Kira Coleman says being at college had helped her form bonds with other people and learn to trust again

A woman who was homeless and unemployed when she turned to a college course has praised her teachers for turning her life around.

Kira Coleman, 25, left home at 16 in Newcastle after a turbulent childhood and an experience left her with post-traumatic stress disorder at 18.

Ms Coleman, who was living in a homeless shelter and felt she had "no hope", enrolled on a music course at Middlesbrough College.

She is now studying for a degree.

Ms Coleman - who initially signed up for a access into higher education diploma - credited her teachers as being "the closest thing to family" she had ever had.

She said: "After leaving home, I moved around the North East a lot and fell in with the wrong crowds.

"I then went through an incredibly difficult experience which left me feeling like life wouldn't get any better.

"I had no contact with my family apart from my brother and I was a mess for a human being, so I went to college to sort my life out."

She said the college environment brought structure to her life and gave her a sense of responsibility.

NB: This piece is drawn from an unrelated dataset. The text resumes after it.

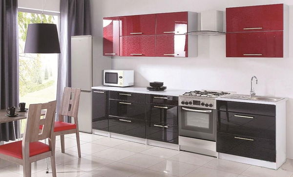 Luxusná kuchyňa vhodná predovšetkým do panelákových bytov. Táto kuchyňa je navrhnutá tak, že skrinky sa dajú poskladať v ľubovoľnom poradí. To vám umožní si zostaviť kuchyňu podľa svojich predstáv. Pracovná doska je delená podľa veľkosti spodných dvierok (okrem skrinky na drez). Sokel aj korpus sú vo farbe šedý popol. Spodné dvierka sú vo farbe čiernej v lesku, horné v červenom lesku. Lesky majú v sebe atraktívny vzor. Úchyty sú kovové zlatej farby. Vrchné skrinky sú výklopné pomocou plynových piestov.

She said it helped her form bonds with other people and learn to trust again

Image source, Middlesbrough College
Image caption,

She said she hoped to continue her studies with a masters in music therapy

Ms Coleman is now in the final year of a sound and music technology degree and also works as a casual technician at the Globe Theatre in Stockton.

She hopes to go to on to do a masters in music therapy.

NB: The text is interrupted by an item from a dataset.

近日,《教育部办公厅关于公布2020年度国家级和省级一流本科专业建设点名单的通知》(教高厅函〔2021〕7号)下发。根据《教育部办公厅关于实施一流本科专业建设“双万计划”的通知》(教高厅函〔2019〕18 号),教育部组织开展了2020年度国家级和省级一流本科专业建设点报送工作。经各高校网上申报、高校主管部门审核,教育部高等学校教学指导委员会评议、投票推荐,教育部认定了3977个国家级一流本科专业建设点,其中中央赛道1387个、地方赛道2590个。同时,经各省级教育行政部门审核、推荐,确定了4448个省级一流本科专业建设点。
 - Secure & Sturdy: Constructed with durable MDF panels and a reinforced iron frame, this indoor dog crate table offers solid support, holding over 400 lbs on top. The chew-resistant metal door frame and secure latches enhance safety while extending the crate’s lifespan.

She admitted she had not always been the "easiest of students", clashing with staff on numerous occasions, but said her teachers had changed her attitude and turned her life around.

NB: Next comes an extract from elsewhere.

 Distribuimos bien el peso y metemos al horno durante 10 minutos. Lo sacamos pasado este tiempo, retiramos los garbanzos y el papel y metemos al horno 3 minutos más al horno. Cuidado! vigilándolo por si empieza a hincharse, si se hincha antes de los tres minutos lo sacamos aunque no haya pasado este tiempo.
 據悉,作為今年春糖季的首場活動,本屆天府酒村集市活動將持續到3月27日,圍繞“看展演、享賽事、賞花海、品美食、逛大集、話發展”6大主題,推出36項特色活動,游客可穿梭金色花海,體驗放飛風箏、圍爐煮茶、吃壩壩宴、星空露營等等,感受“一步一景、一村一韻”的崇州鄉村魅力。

She said: "Regardless of everything I've said and all the disruptions I've caused in class my teachers have been such strong supporters and understanding that my anger and upset wasn't directed at them, they were just in the firing line.

"They have had more faith in me than anybody in my life, and not to be too sentimental here but that lack of family over the years, the teachers have been the closest I've had to family."

Her tutor Jamie Donnelly said: "We're all so proud of how far she has come - and I've personally seen a profound change in her since she first came to us at the college."